Hogan and Hanson told editors and reporters of The Buffalo News that the full, 15-member board will take up the committee’s recommendations Jan. 26 at its annual leadership meeting, but they declined to offer specifics.
Hanson said the board has considered conducting a national search for Cleland’s replacement, but has not yet done so, and the board has not interviewed anyone for the CEO’s job.
Promoting the internal candidate has happened before at ECMC and Kaleida Health. Cleland served as interim CEO for 13 months before he was named the hospital’s CEO. He replaced Jody L. Lomeo when Lomeo left ECMC to take over as president and CEO of Kaleida Health. Lomeo first held those positions on an interim basis for nearly three months.
ECMC’s board soured on Cleland’s service as CEO after just five months. The board initially fired Cleland for cause but then, 1½ weeks later, entered settlement talks with Cleland and his attorney, leading to the $1.2 million payout in late December. Asked at this week’s editorial board meeting why the hospital board changed course so abruptly, Hogan said it was to avoid the likelihood of costly litigation.
“It was a very difficult situation.

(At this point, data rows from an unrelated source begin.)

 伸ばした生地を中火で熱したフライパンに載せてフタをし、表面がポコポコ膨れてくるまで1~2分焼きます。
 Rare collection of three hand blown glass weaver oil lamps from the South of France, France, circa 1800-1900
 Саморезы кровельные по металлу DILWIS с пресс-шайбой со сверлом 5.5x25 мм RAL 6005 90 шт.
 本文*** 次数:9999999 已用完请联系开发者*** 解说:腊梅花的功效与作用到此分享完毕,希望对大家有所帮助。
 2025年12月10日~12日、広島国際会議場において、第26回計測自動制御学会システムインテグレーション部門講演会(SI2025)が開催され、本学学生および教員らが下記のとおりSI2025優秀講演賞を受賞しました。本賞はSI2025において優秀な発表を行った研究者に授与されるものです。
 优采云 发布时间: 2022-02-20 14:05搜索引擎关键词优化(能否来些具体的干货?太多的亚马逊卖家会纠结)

There was a unanimous view among the 15 board members, comprised of citizen volunteers who take their fiduciary responsibility to the community very seriously, that they needed to take swift action to terminate two executives, and they did,” Hogan said.

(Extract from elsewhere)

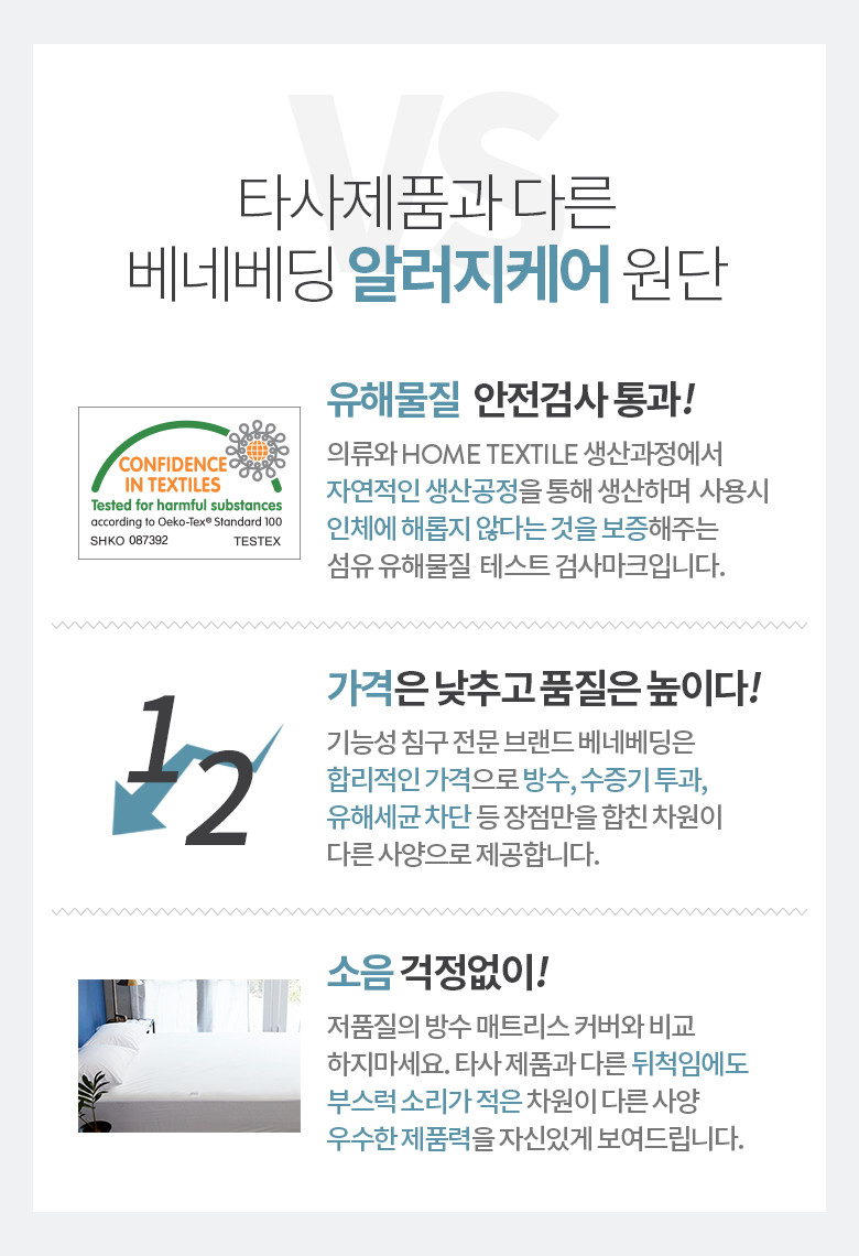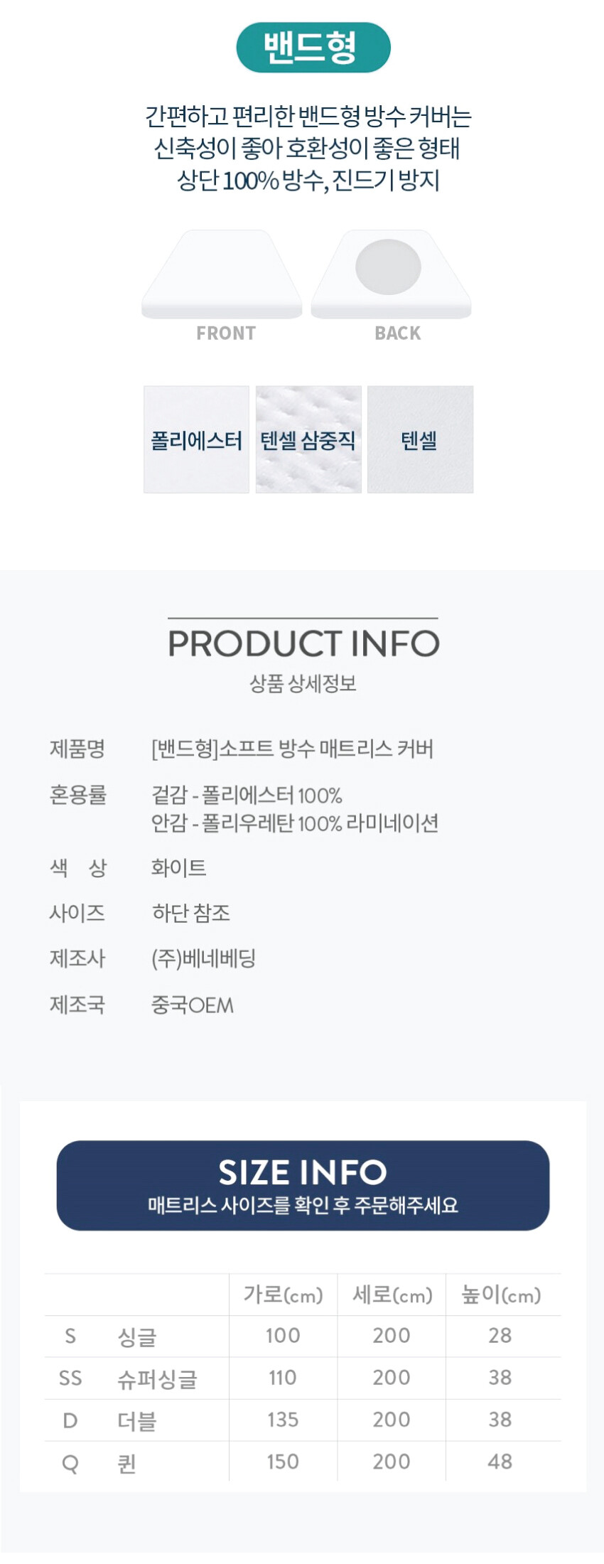 [베네베딩] 매트리스 방수커버 S/SS/D/Q

Critics say the board acted irresponsibly to fire Cleland, for no justifiable reason, and say it brought to the surface the dysfunction that has racked the panel in recent months.
“My reaction to the criticism of the board is that it was coming from folks who hadn’t sat in a board meeting,” Hogan said.
He also defended the board’s months-long silence — since releasing a statement the day the firing was announced — on Cleland’s ouster. ECMC is a public benefit corporation with a $542 million annual budget, but Hogan said the settlement agreement with Cleland prohibits the board from further discussing the case.
This is in contrast with Kaleida Health, which held a news conference with Gioia, the Great Lakes Health board chair, and John Koelmel, the Kaleida Health board chair, the same day the board announced the ouster of James Kaskie as CEO.
Hogan said the situations were different because of the threat of litigation in ECMC’s case.
“I don’t think it’s a fair analogy,” Hogan said. “I would love to discuss it further with you, I just don’t think I can.”
As for the effect of Cleland’s settlement, and Hoffman’s $350,000 severance, on the hospital’s bottom line, Quatroche said it is minimal.
The officials also sought to portray the hospital as moving forward in spite of the upheaval of the past two months.
They pointed to data showing ECMC recently concluded a banner year for operating room procedures, both inpatient and outpatient, which rose by 21 percent between 2010 and 2015, and for total discharges, which rose by 22 percent between 2010 and 2015.
“The institution is bigger than one or two people,” said Quatroche, who included himself in that description.